Exercise brief: Output the lines of the entries below beginning at the one with "质量政策制度持续健全。完善质" and ending with the last, exactly as written and without pictures.

Saved entries:
|---|

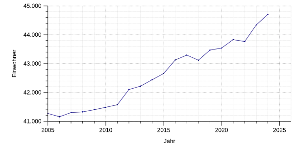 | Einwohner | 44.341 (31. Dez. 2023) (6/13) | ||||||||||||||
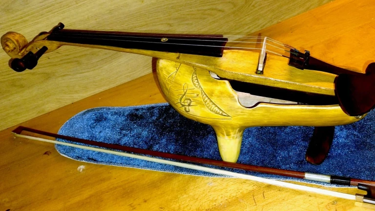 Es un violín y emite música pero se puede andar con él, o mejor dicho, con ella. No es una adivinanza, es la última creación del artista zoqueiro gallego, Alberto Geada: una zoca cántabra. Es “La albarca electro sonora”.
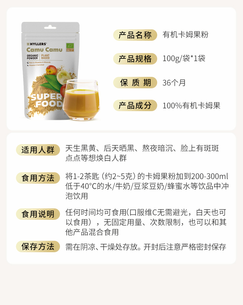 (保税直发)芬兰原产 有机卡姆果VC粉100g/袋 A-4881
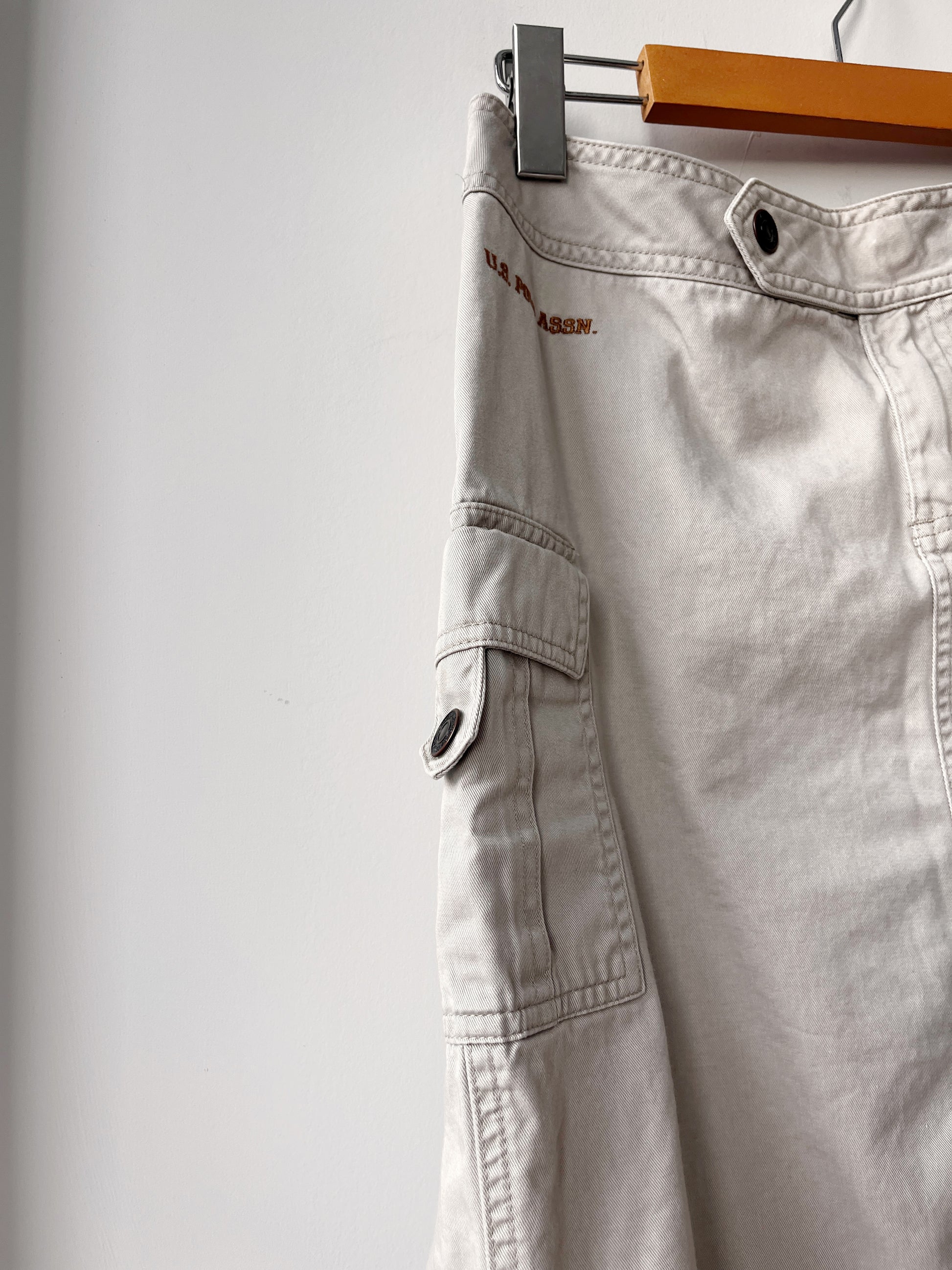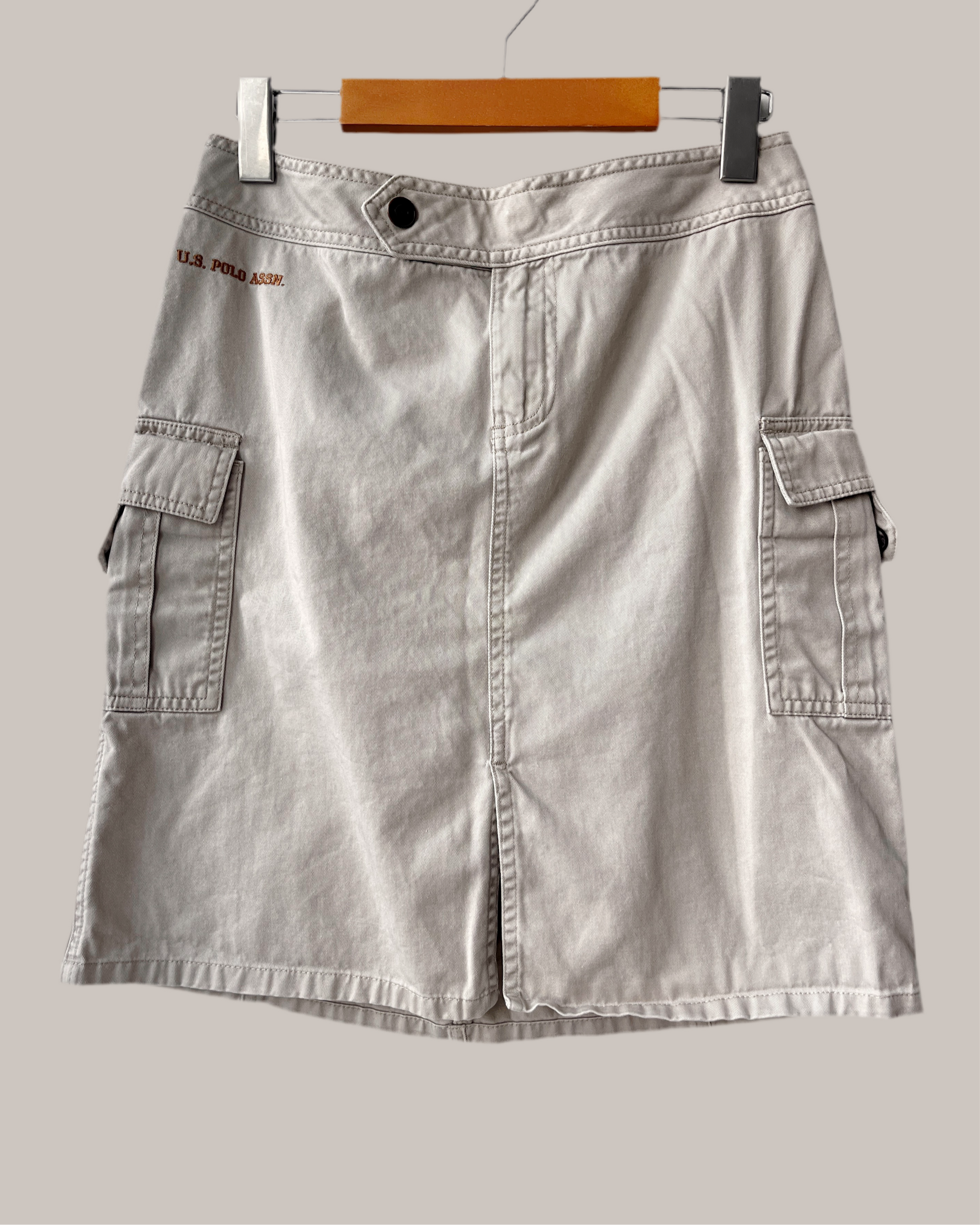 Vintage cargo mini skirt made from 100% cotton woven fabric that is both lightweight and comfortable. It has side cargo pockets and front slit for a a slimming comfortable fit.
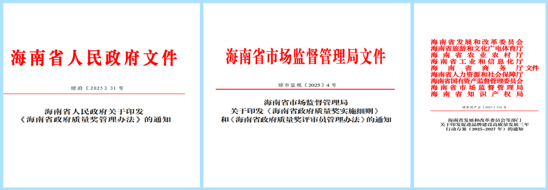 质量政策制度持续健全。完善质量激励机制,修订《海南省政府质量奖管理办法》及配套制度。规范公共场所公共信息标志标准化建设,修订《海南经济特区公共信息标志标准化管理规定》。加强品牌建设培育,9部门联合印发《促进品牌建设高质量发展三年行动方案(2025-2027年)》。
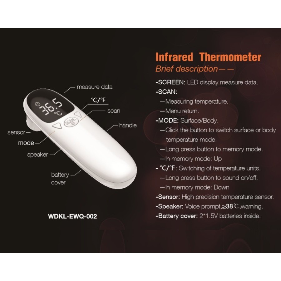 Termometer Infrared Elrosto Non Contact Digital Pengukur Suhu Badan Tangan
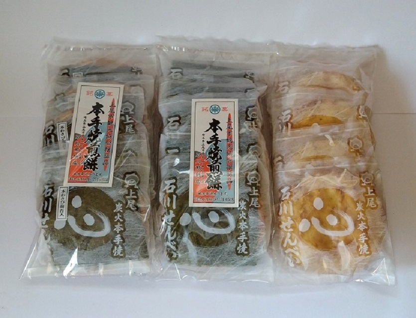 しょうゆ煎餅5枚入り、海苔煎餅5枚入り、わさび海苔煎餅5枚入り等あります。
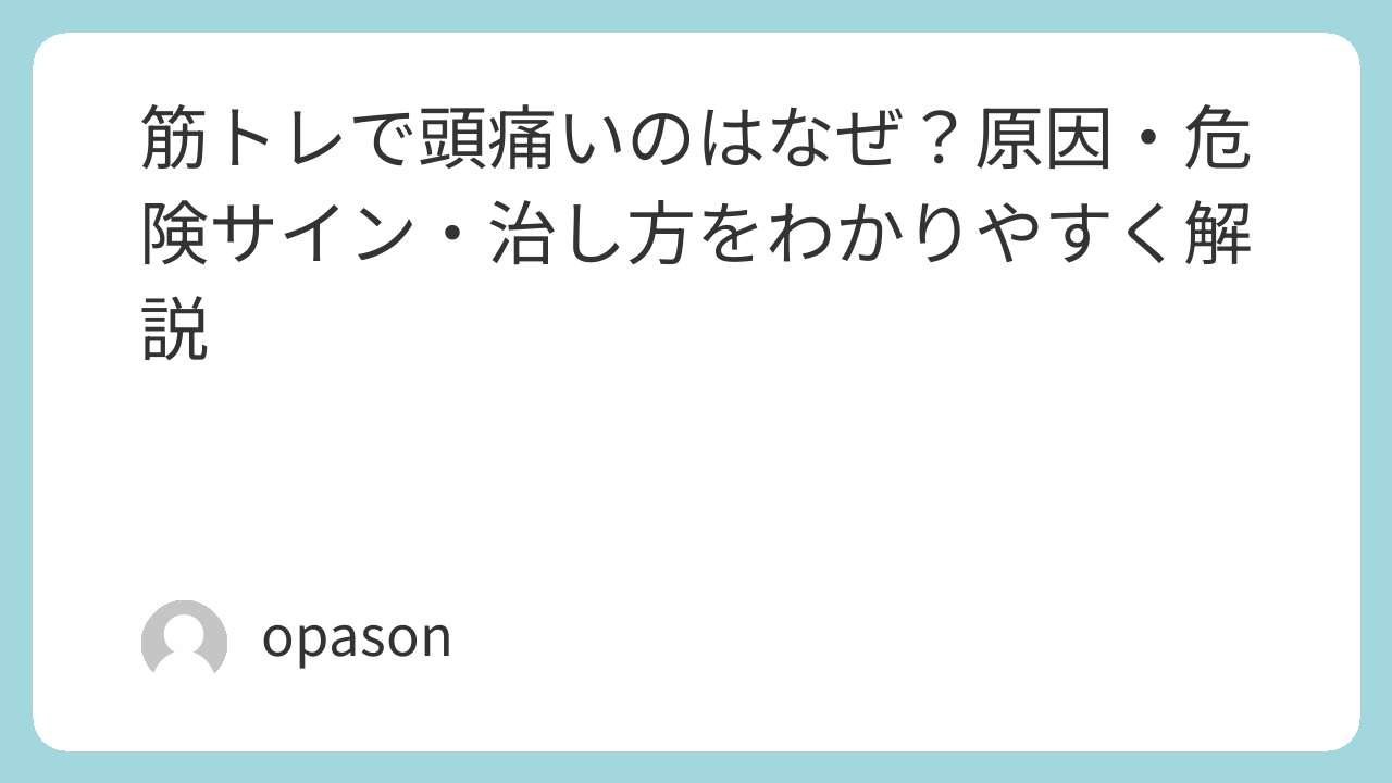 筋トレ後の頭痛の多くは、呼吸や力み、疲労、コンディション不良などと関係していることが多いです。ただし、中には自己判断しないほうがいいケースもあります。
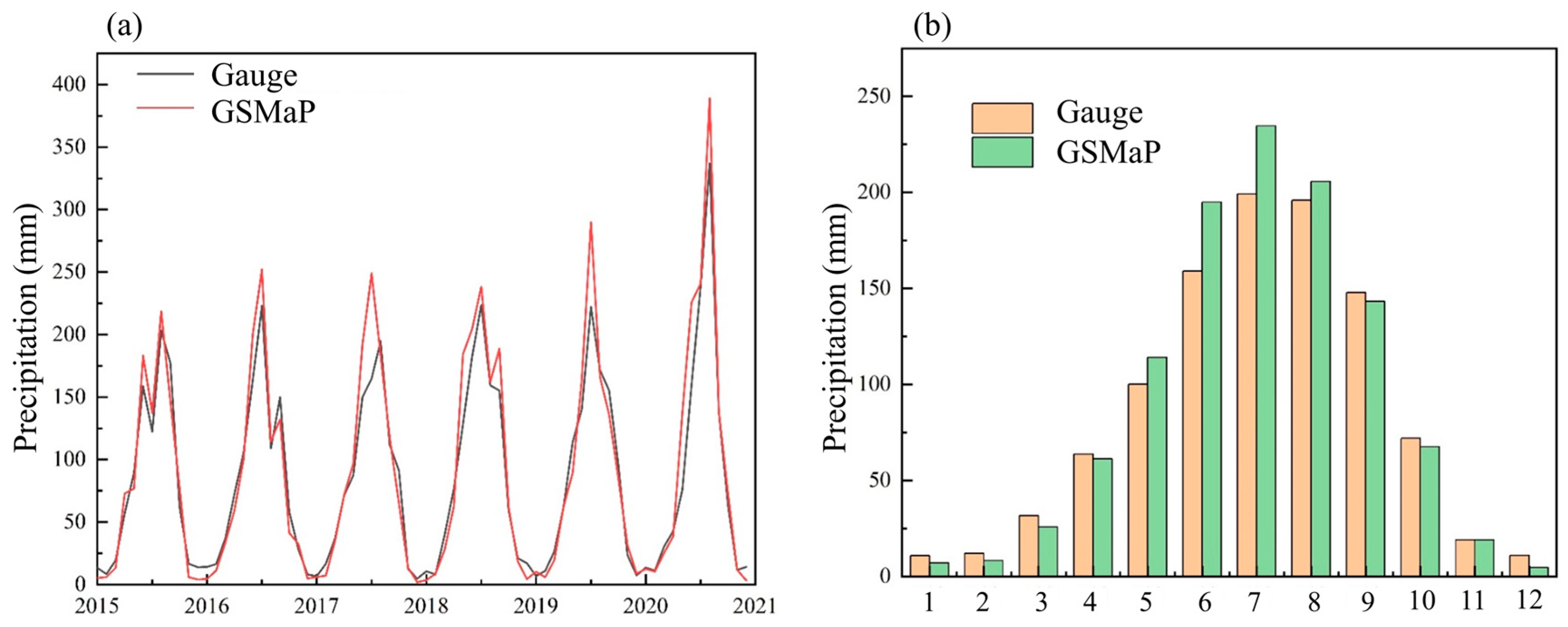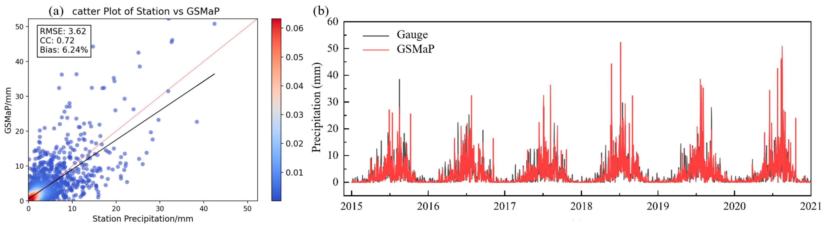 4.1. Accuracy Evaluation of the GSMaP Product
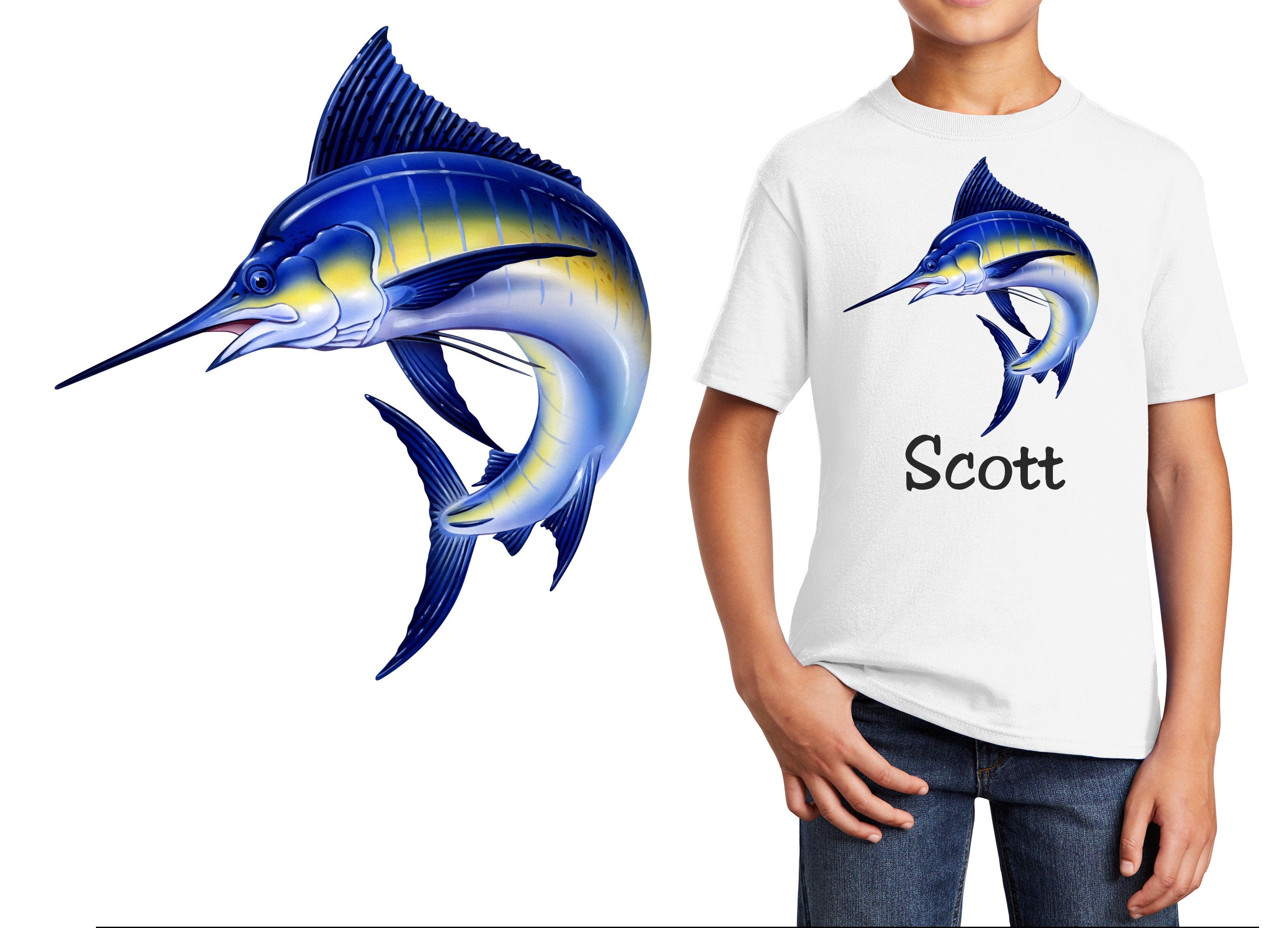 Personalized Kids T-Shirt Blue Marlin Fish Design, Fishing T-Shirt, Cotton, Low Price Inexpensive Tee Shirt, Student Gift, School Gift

|---|

The completed task:
 质量政策制度持续健全。完善质量激励机制,修订《海南省政府质量奖管理办法》及配套制度。规范公共场所公共信息标志标准化建设,修订《海南经济特区公共信息标志标准化管理规定》。加强品牌建设培育,9部门联合印发《促进品牌建设高质量发展三年行动方案(2025-2027年)》。
 Termometer Infrared Elrosto Non Contact Digital Pengukur Suhu Badan Tangan
 しょうゆ煎餅5枚入り、海苔煎餅5枚入り、わさび海苔煎餅5枚入り等あります。
 筋トレ後の頭痛の多くは、呼吸や力み、疲労、コンディション不良などと関係していることが多いです。ただし、中には自己判断しないほうがいいケースもあります。
 4.1. Accuracy Evaluation of the GSMaP Product
 Personalized Kids T-Shirt Blue Marlin Fish Design, Fishing T-Shirt, Cotton, Low Price Inexpensive Tee Shirt, Student Gift, School Gift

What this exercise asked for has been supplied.